After three years of deposit growth outpacing loan growth, the trends reversed in the first quarter of 2022. As of March 31, credit union loan balances grew 11.7% annually, from 9.3 % for stocks. Major government relief programs appear to be in the rearview mirror and loan application patterns are pivoting towards the consumer lending space.
The long-awaited interest rate hikes materialized, with the Federal Reserve raising the federal funds rate by 25 basis points in March and another 50 basis points in May. Soaring consumer price inflation has forced a more hawkish response from the Fed than many expected just a few months ago. The Fed also stopped buying securities in March and aims to shrink its balance sheet by $9 trillion, expecting to let about $1 trillion sink in over the next year.
Total industry investment shows minimal increase in first quarter
Total investments held by credit unions increased just 0.3%, or $2.1 billion, over the past three months to a total outstanding of $723.4 billion at the end of of the quarter. This is the fourth consecutive quarter of quarterly growth below 2%. Cash balances, which have shrunk 2.6% since December, have been used to fund renewed demand for consumer loans as the economy continues to reopen and buyer confidence rises. Cash now makes up 34.8% of credit union investment portfolios, down 1.6 percentage points from three months ago, as rising yields made stocks attractive relative to low-yield cash. Government and agency securities were the preferred investment category, with balances up $10.7 billion, or 3.0%, from last quarter.
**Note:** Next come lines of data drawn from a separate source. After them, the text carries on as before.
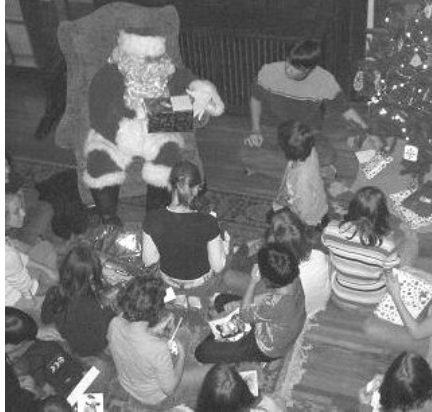
'Twas the night before Christmas...'
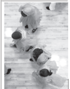
Participants in red ponchos walk out of a basketball arena to a field before attempting to assemble the world's largest human AIDS ribbon on World AIDS Day at Coppin State University in Baltimore, on 1 Dec, 2011. Organizers estimated that 1,000 people participated in the event, short of their goal of 4,000.
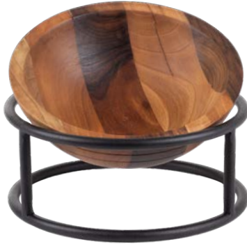
Buffet Stand - Small
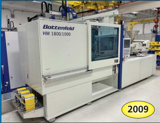
200 Ton Battenfeld Model HM-1800/1000 Plastic Injection Molding Machine
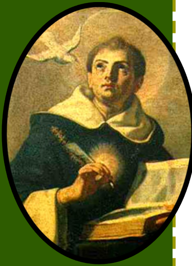
St. Thomas Aquinas

Jan 25: St. Paul's Conversion (c. 4 B.C.- c. 64). So important for Christianity – it is repeated three times in the Acts of the Apostles (chapter 9, 22:6ff and 26:12-18) and again in Galatians 1:15 -16. Read all three accounts today!
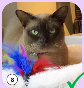
Photo number 8 is a very good one of the full face - giving the shape of wedge and muzzle, ear shape and set, eye shape, set and colour, plus the colour of the face. I find this one very useful for assessing head full-on and Burmese expression.

Photo number 7 is better than number 6 and is the correct angle to show all the elements listed in No 6.
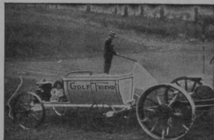
One of the smaller machines at work

Last August the membership voted an assessment of $250.00 and about four hundred members have met this assessment to date. If you pay this assessment you are insured under a 20-Year Endowment Policy for $250.00 plus the amount you have already paid in for your membership. The Club pays the premiums on the Life Insurance Policy, which means that you or your beneficiary are assured of the money paid in and you have your membership equity without cost. The money so collected will remain in trust until there is sufficient amount to go ahead with the building. If sufficient money is not raised, the money less nominal expenses will be returned.
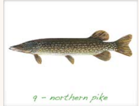
9 - northern pike
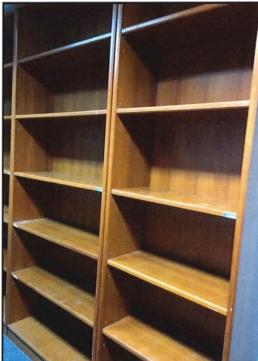
3 units of giant cabinet
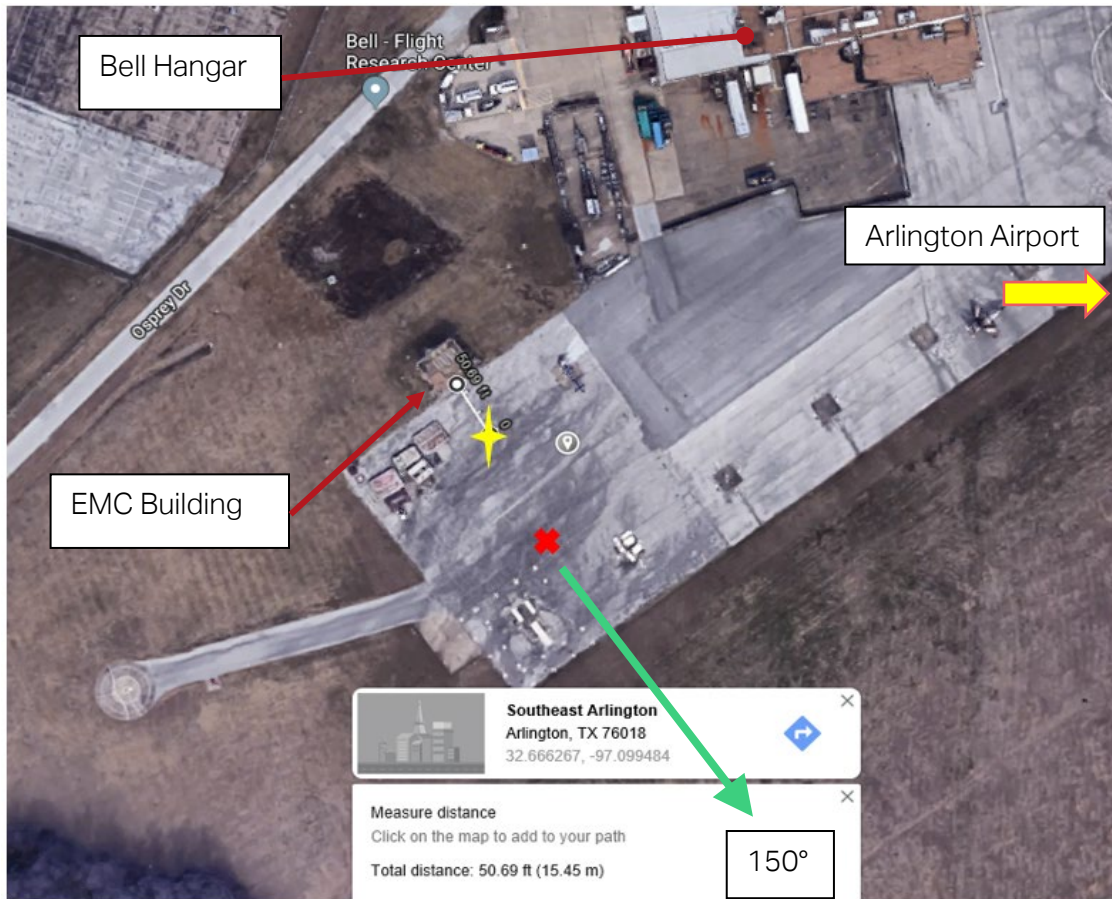
Figure 1: Aerial View of Test Location

Testing will be conducted onsite at the Bell Flight Test Research Center located at 600 Interstate 20 east, Arlington, TX 76018. The specific location in WGS 84 coordinates is Latitude 32° 39' 58.56" N and Longitude 97° 5' 58.14" W at an elevation of 191 m. Figure 1 below shows an aerial view of the test location. The antenna location, indicated by the yellow star, will be approximately 50 feet in front of the EMC building. The aircraft location (red X) will be 100 feet from the antenna. The tallest antenna is 15m tall in the vertical position. The height of the EMC building is about 5 meters tall. The facility building is about 15 meters tall and 80 meters wide providing some blockage to the north.

Credit union stocks rose $64.3 billion from last quarter, leading to a $17.5 billion increase in net cash. A strong quarter of lending – and a slower pace of consumer loan prepayments – drove the loan-to-unit ratio up to 70.2%. While this is a welcome sign for lending institutions, it remains well below the pre-pandemic industry peak of 84.5% in December 2018. Even with increased loan demand during of the past year, this key liquidity ratio has only increased by 1.5 percentage points since March 2021. The continued deceleration in equity growth will be a key element of the increased deployment of balance sheets, but new loans must also remain in long-term balance sheets. The average mortgage rate reaching 5% at the end of the quarter prompted credit unions to keep more mortgages on their balance sheets. First quarter mortgages sold in secondary markets fell during the quarter to $17.9 billion, about half the amount sold in the third quarter of 2020, when attractive prices prompted institutions to sell loans mortgages at higher rates.
Credit unions favor long-term securities
The Fed has become more hawkish in the first quarter of 2022 than it had been in 2021. The start of the yield curve was revised following comments from the Fed after its March meeting, bond yields of the Treasury at two and three years increasing by 93 and 91 basis points. , respectively. As for spreads, the 5y/30y and 5y/10y both reversed for the first time in over a decade, while the 2y/10y spread ended the quarter slightly positive.
Credit union portfolio managers reacted to these curve shifts by increasing their allocations to medium- and long-term investments. Securities maturing in 5 to 10 years have seen the biggest increase, rising 20.6% since December and 36.3% annually. This brought the total funds invested in this segment to $119.3 billion. Constituting 16.5% of the total investment mix, five- to 10-year durations are now neck and neck with three- to five-year securities as the largest non-cash portion of industry portfolios. Cash remains the largest portion at $251.0 billion – comprising 34.8% of total investments – but its dominance is diminishing. After record cash balance growth during the pandemic, cash was down 2.6% from the prior quarter and down 14.4% from a year ago. Overall, credit unions have moved away from low-yielding investments, seeking instead to invest more funds in medium- to long-term securities.
The industry gains two basis points
The average investment return increased two basis points quarter over quarter to 0.91%. This is the fourth consecutive increase on a quarterly basis. Year-over-year, investment returns rose eight basis points, moving away from the record low investment return of 0.83%. Yields fell throughout 2020 and early 2021 due to credit unions’ preference for low-interest liquid cash combined with rate cuts by the Fed to significantly reduce overall portfolio returns . Going forward, average investment returns are expected to continue to rebound as benchmark rates rise and co-ops continue to favor long-term investment options.
Jay Johnson is president of Callahan Financial Services, distributor of the Trust for Credit Unions, in Washington, D.C.